Um ano antes do rompimento da barragem B1, na mina Córrego do Feijão, em Brumadinho (MG), a Vale tentou propor que a consultoria responsável pelo cálculo do fator de segurança mudasse seus parâmetros. A empresa Potamos foi afastada quando negou a proposta.
Isso relatou a engenheira civil e consultora da Potamos Maria Regina Moretti à comissão parlamentar de inquérito da Assembleia Legislativa do estado, que apura a tragédia. A barragem rompeu no dia 25 de janeiro, deixando pelo menos 233 mortos. De acordo com a Defesa Civil de Minas Gerais, 37 pessoas continuam desaparecidas.
Moretti depôs à CPI na quinta-feira (25) e relatou que a mineradora questionava a base de cálculo que definiu o fator de segurança da barragem como sendo de 1,09. Segundo padrões internacionais, estrutura considerada segura tem fator igual ou maior a 1,3. Em 2017, outro estudo da Potamos atestou que a barragem B1 tinha fator de 1,06.
Moretti afirmou que a Vale pedia uso de novos dados que poderiam produzir um resultado diferente, com fator de segurança maior do que o constatado pela Potamos. A mineradora sugeria, por exemplo, uso de dados laboratoriais, que, de acordo com a engenheira, costumam gerar parâmetros mais elevados que os reais, razão pelas quais a Potamos só utilizaria dados coletados em campo.
A engenheira afirmou ainda que os dados laboratoriais apresentados pela Vale tinham problemas de execução, consistência e erros. “Como a gente não concordou em modificar essa metodologia de cálculo de parâmetro, acabamos sendo afastados do estudo”, afirmou ela.

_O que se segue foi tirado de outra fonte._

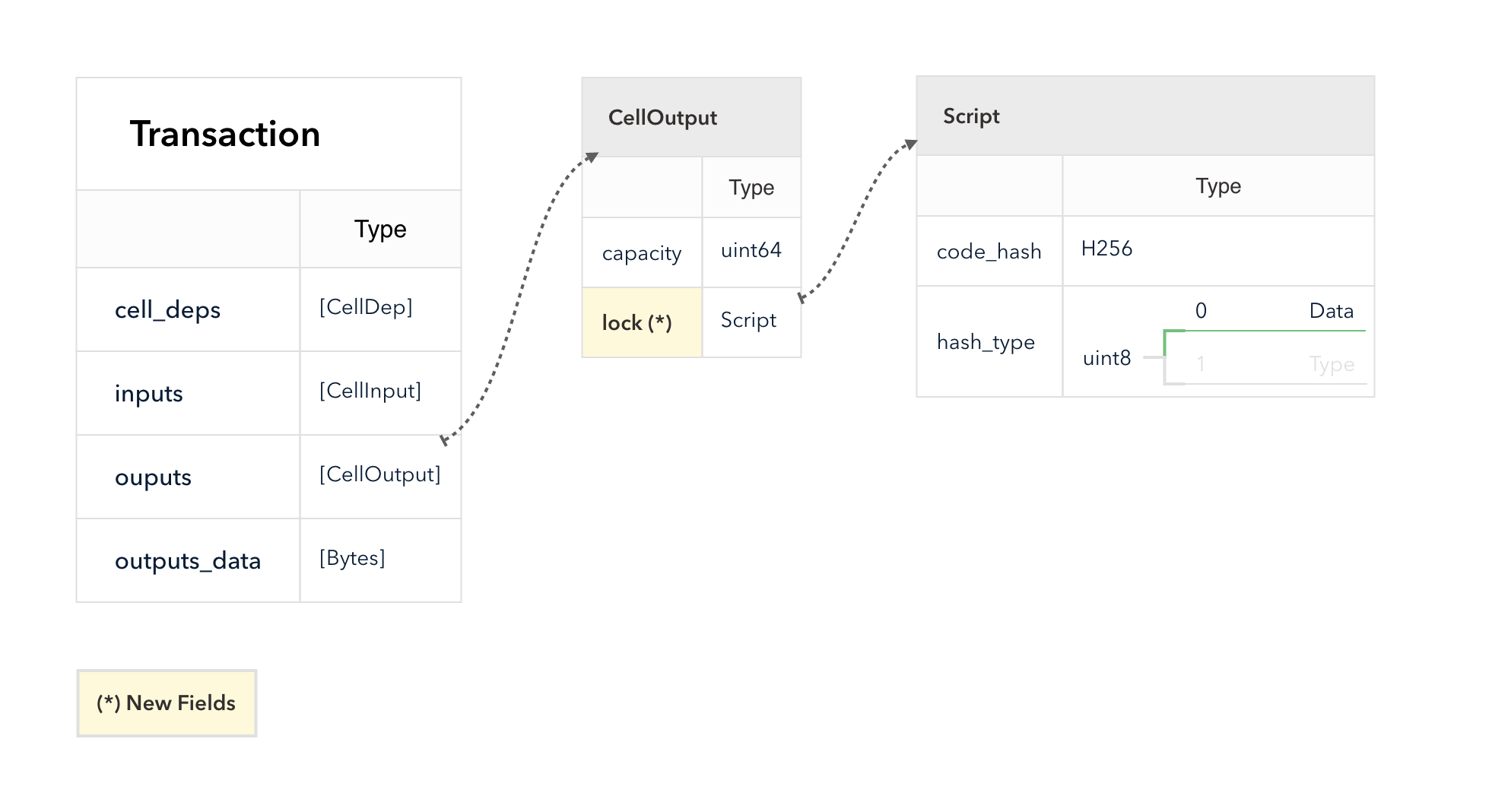- 在任一交易中,输入和输出中的类型脚本,CKB 都必须运行。

A Vale substituiu a Potamos pela Tüv Süd, que fazia parte do mesmo consórcio. A empresa alemã refez os cálculos e também chegou a um fator de segurança de 1,09 para a B1. No entanto, a Tüv Süd aponta no relatório que 1,05 já seria aceitável para que a estrutura fosse considerada segura, o que permitiu a assinatura do laudo de estabilidade.
Sócio da Potamos, Fernando Lima repetiu à CPI o que havia relatado em depoimento à Polícia Federal. Disse que a empresa questionou Makoto Namba, engenheiro da Tüv Süd, sobre por que adotaram o fator de 1,05 e teria ouvido que, “se não fosse assim, a barragem não iria passar”. Questionado, o advogado de Makoto Namba, Augusto de Arruda Botelho, questionou a capacidade técnica dos engenheiros da Potamos.
“Os sócios da Potamos são engenheiros hidráulicos e não teriam qualquer capacidade técnica para discutir questões relativas ao fator de segurança de qualquer barragem”, disse Arruda Botelho. Segundo o advogado, “a conversa telefônica, nos termos indicados pela Potamos, nunca existiu”. “Todo o embasamento técnico que justificou a assinatura da declaração de estabilidade da barragem B1 foi apresentado nos diversos depoimentos já prestados.”
Fernando Lima disse ainda que, em 2017, a Vale havia encomendado estudos de intervenções para melhorar a segurança da barragem. A empresa teria mandado uma proposta, que ficou sem retorno. Com 40 anos de experiências em barragens, Moretti afirmou ainda à comissão que não há dúvidas de que o rompimento se deu pelo processo de liquefação –quando a resistência do material saturado e fofo da barragem chega a um pico e cai, transformando-se em líquido.
Ela não soube dizer o que teria causado o processo. Vibrações por explosões, sismo e o fenômeno de erosão interna estão entre as possibilidades. Questionada sobre se houve outra situação na carreira em que encontrou um caso preocupante como o da B1, Moretti falou da barragem da Samarco do Fundão, em Mariana. O rompimento da barragem, em 2015, deixou 19 mortos. “Participei [dos estudos do Fundão] e fui afastada também”, disse. A Vale é uma das controladoras da Samarco.